> _TASK GOAL_:
Skip all pictures, then copy the lines from the start of the data through the line with "5月21日上午,在希望大道校", keeping both ends.

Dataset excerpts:

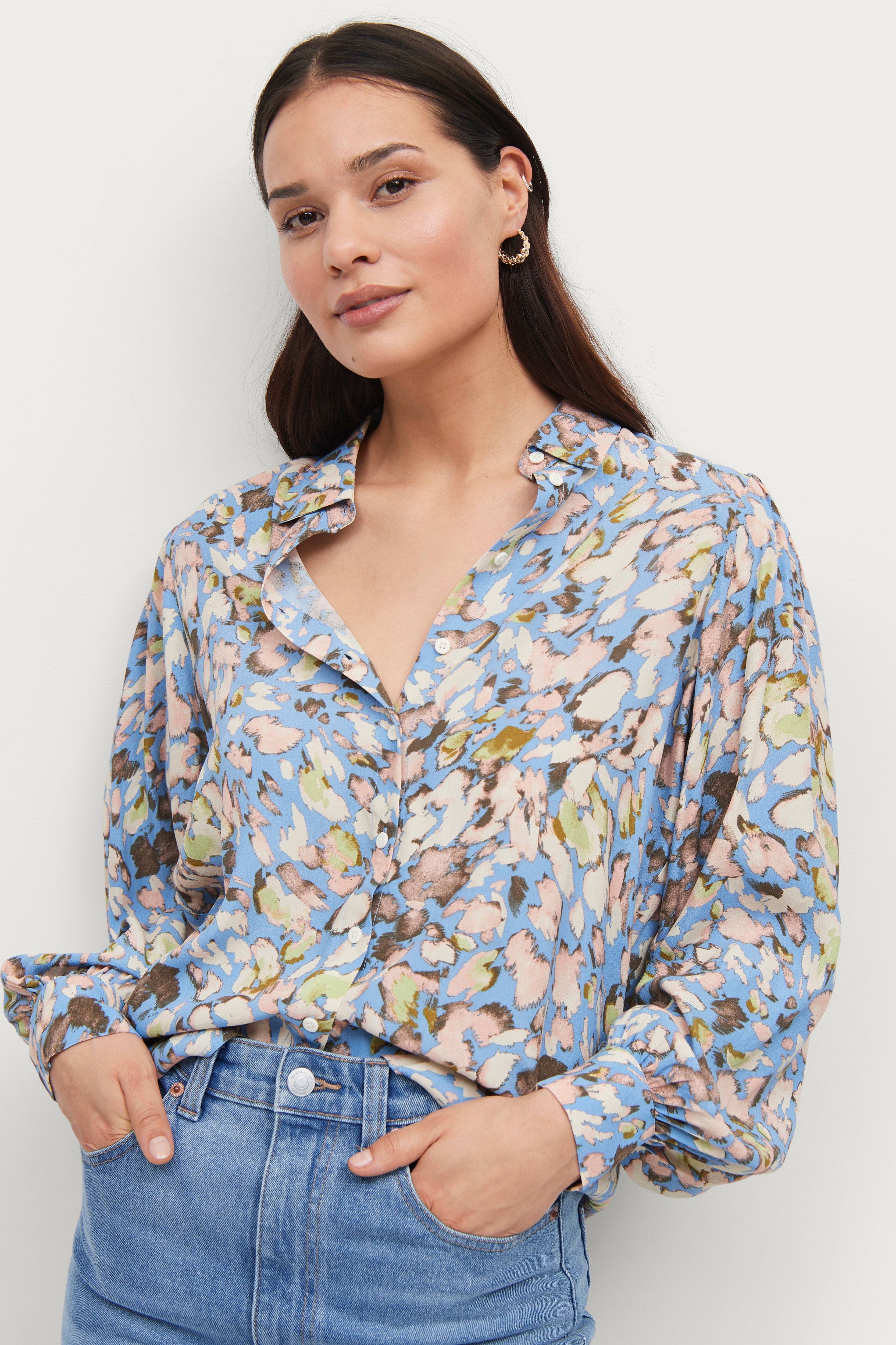 Skjorte i blød viskose med printet mønster. Vide ballonærmer med en knap i ærmekant.
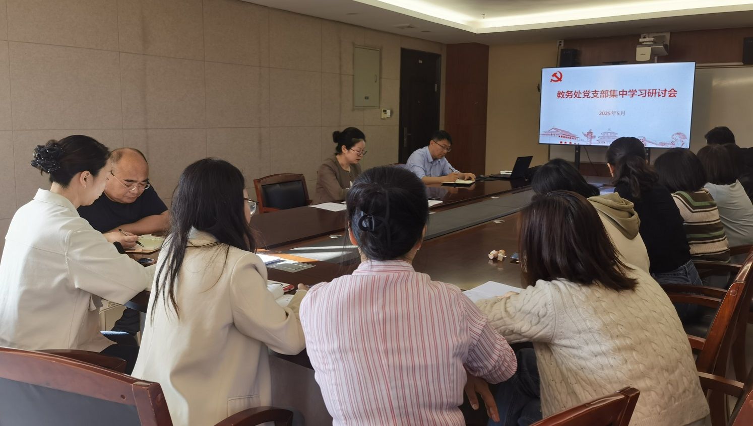 5月21日上午,在希望大道校区行政楼428会议室,教务处党支部“第一议题”学习研讨习近平总书记重要讲话精神及怀进鹏部长重要讲话。党支部书记余晓红主持,教务处全体党员及科级以上干部参会。
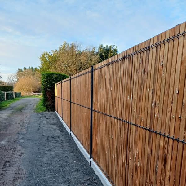 La société propose la pose de clôtures et portails variés, adaptés à tous types de terrains et de configurations. Les options comprennent la clôture rigide, en aluminium, bois, PVC ou béton. Chaque installation est réalisée selon les normes en vigueur, pour assurer solidité et durabilité. L’aménagement inclut également la création de murets, allées et bordures afin de structurer l’espace extérieur. Les interventions sont adaptées à la fois aux particuliers et aux professionnels souhaitant sécuriser ou délimiter leur propriété en Loire-Atlantique.
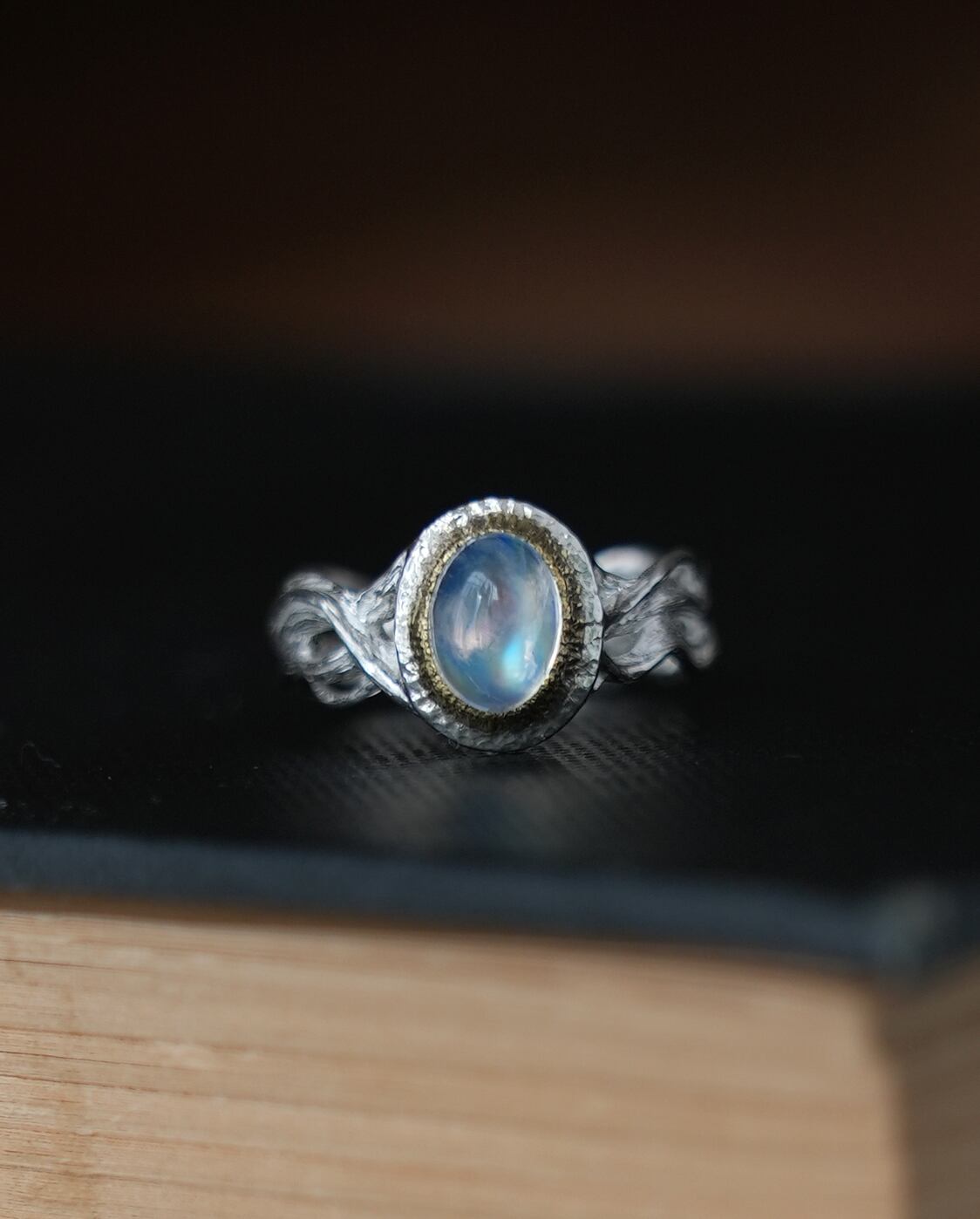 Rainbow moonstone silver & brass ring 26-r2 レインボームーンストーン リング
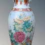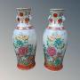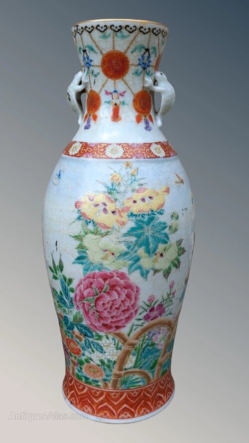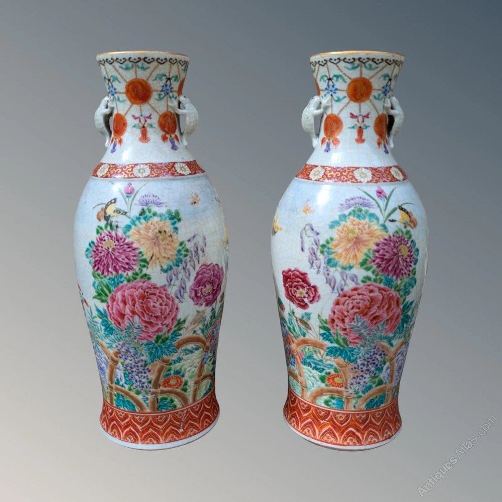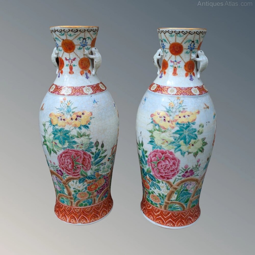 The vases are Meiji period circa 1890 and are boldly decorated with typical ironstone borders and wonderful blooms of peonies and chrysanthemum growing behind an arched bamboo trellis.
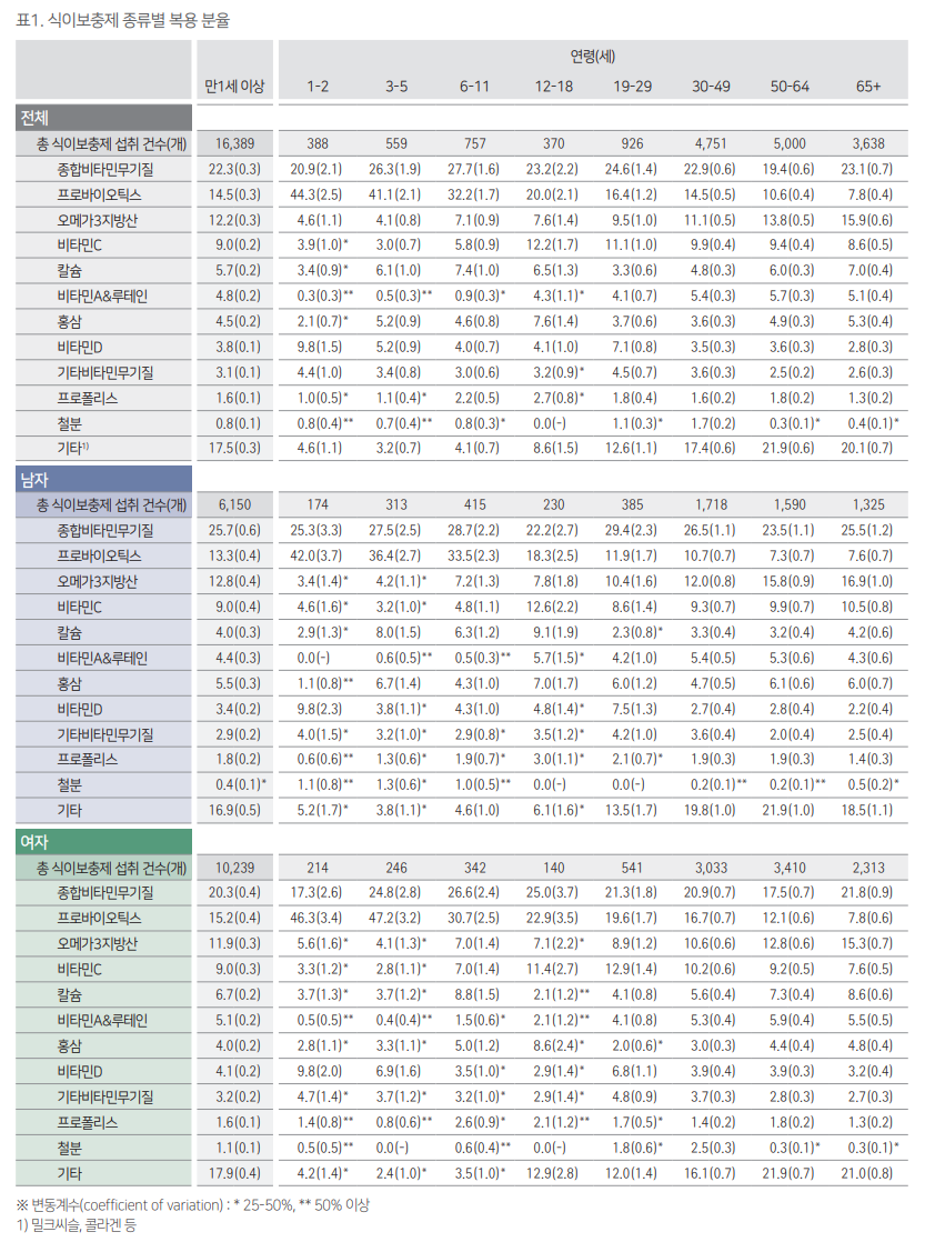 성별, 연령대별로 식이보충제의 섭취량의 순서가 차이가 납니다. 자신의 연령대에 맞추어서 한번 비교해봐 주세요.
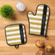 Gold Stripes, Striped Pattern, Lines, Your Name Oven Mitt & Pot Holder Set
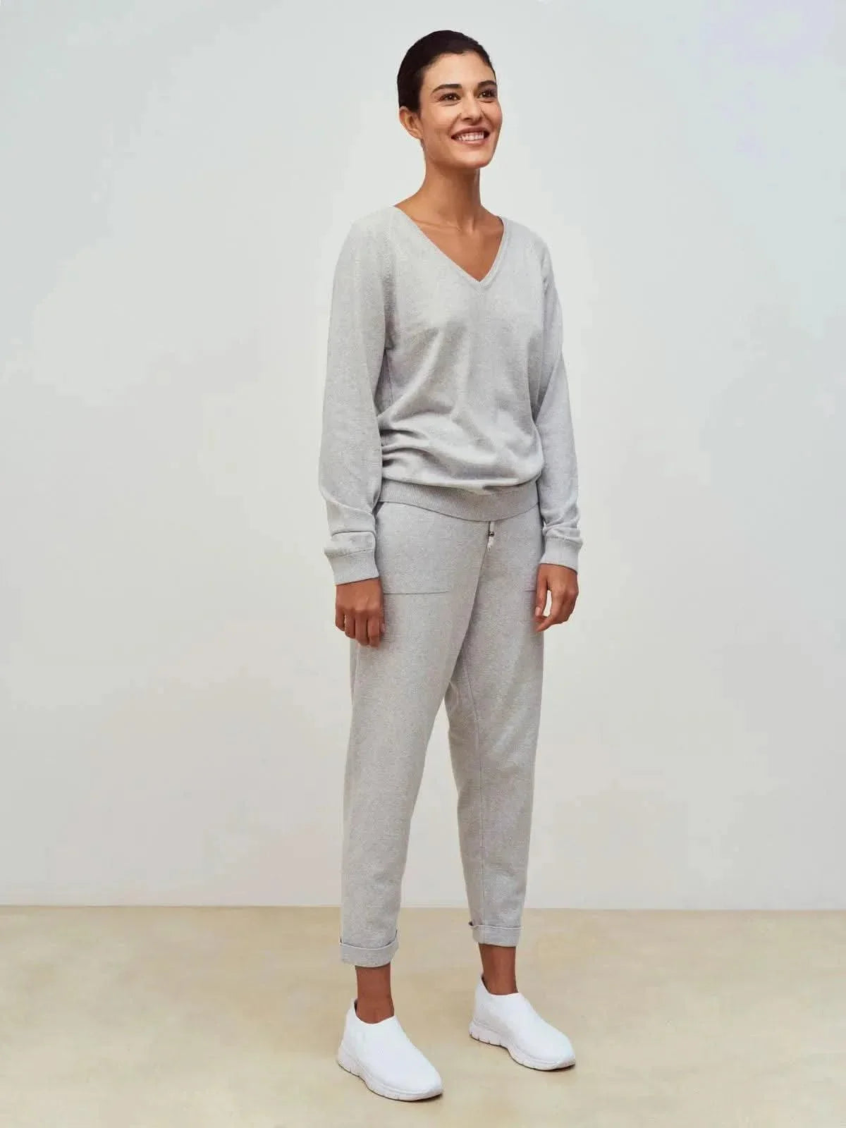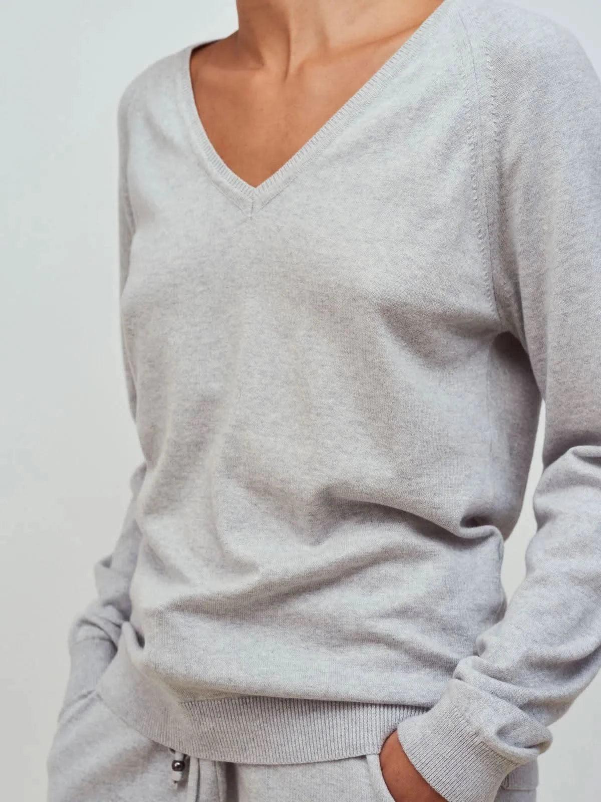 Um clássico que nunca sai de moda. O suéter de gola em V é feito em trama leve com fios 100% algodão. A peça tem modelagem clássica e pode ser usada em qualquer temperatura. Combine com a calça de tricô no mesmo tom para criar um look monocromático atemporal.
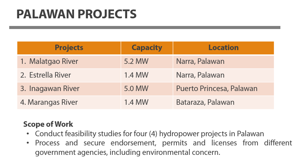 Project Components : Construction of Weir, 2.8km Tunnel, 8km Access Road, Power House and Surge Shaft.
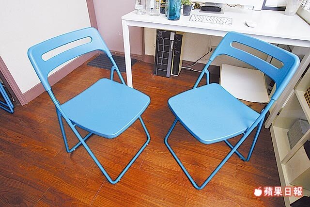 單身的他除有收藏陪伴,假日也常有朋友來串門子、熱鬧熱鬧。Vincent指了指一旁藍色的椅子說:「這個椅子便宜又時尚,我一口氣買了好幾張。」現在一旦沙發坐滿,Vincent就會把它們給請出來,大家喝喝調酒,彈奏一曲烏克麗麗,盡情享受小酌暢談的樂趣。

> _RESPONSE AREA_:
 Skjorte i blød viskose med printet mønster. Vide ballonærmer med en knap i ærmekant.
 5月21日上午,在希望大道校区行政楼428会议室,教务处党支部“第一议题”学习研讨习近平总书记重要讲话精神及怀进鹏部长重要讲话。党支部书记余晓红主持,教务处全体党员及科级以上干部参会。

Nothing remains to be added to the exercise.